■ **Aim of the exercise**
Exclude the pictures, and otherwise reproduce the data in full.

■ **Collected material**
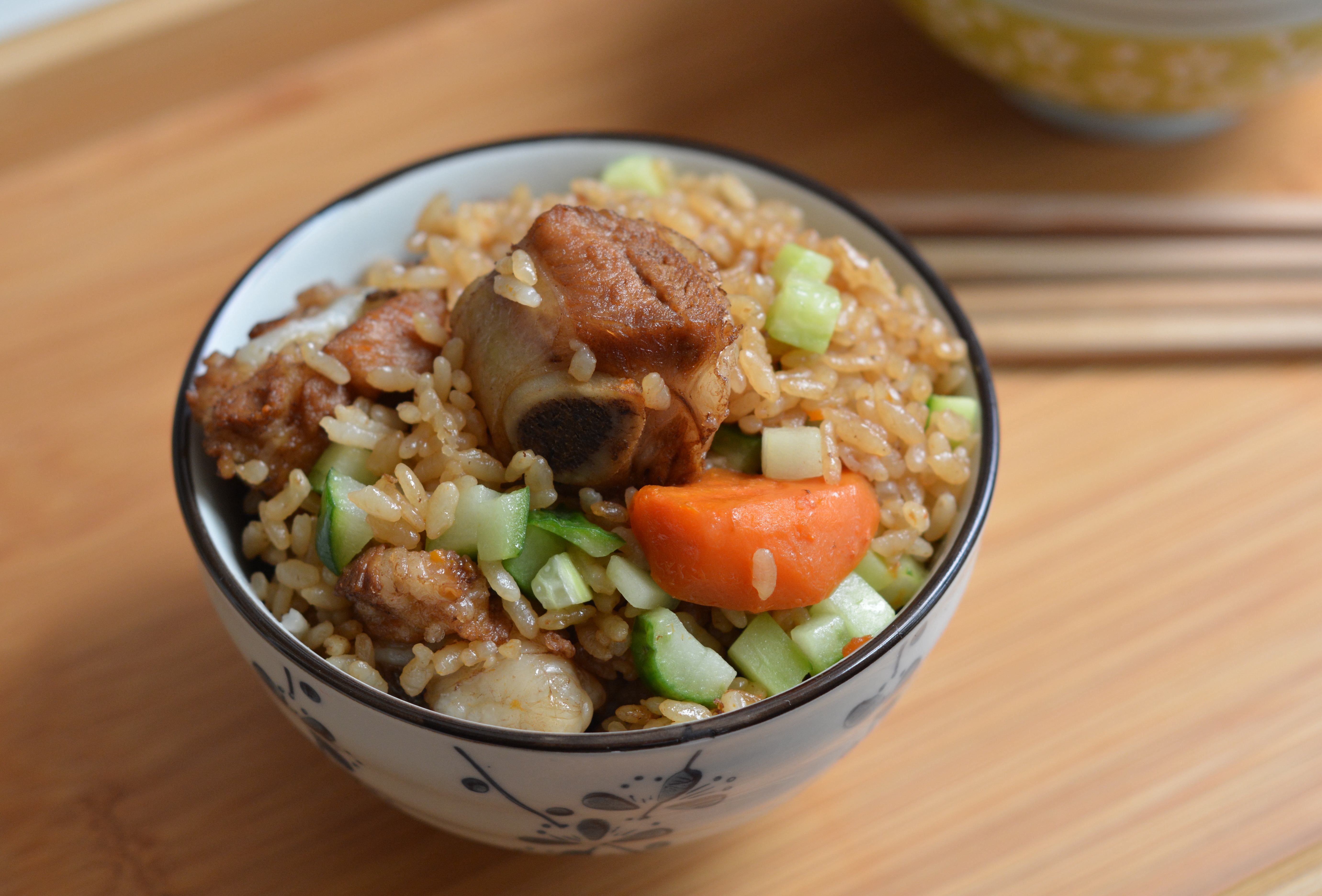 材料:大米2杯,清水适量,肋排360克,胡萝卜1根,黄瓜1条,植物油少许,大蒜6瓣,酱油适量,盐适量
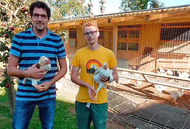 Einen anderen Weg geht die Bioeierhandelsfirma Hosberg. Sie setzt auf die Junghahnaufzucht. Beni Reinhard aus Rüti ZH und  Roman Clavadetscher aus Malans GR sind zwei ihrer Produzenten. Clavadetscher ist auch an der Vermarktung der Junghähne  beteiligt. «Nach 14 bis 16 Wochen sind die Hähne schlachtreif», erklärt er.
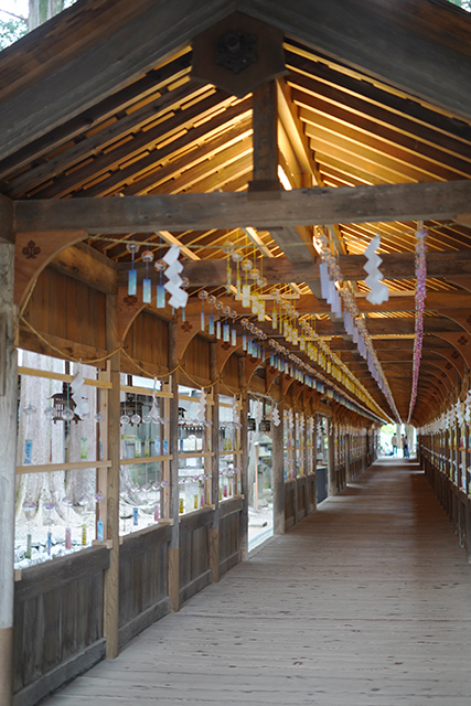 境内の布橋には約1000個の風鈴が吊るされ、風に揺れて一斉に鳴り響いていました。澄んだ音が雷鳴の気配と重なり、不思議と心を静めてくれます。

■ **Exercise solution**
 材料:大米2杯,清水适量,肋排360克,胡萝卜1根,黄瓜1条,植物油少许,大蒜6瓣,酱油适量,盐适量
 Einen anderen Weg geht die Bioeierhandelsfirma Hosberg. Sie setzt auf die Junghahnaufzucht. Beni Reinhard aus Rüti ZH und  Roman Clavadetscher aus Malans GR sind zwei ihrer Produzenten. Clavadetscher ist auch an der Vermarktung der Junghähne  beteiligt. «Nach 14 bis 16 Wochen sind die Hähne schlachtreif», erklärt er.
 境内の布橋には約1000個の風鈴が吊るされ、風に揺れて一斉に鳴り響いていました。澄んだ音が雷鳴の気配と重なり、不思議と心を静めてくれます。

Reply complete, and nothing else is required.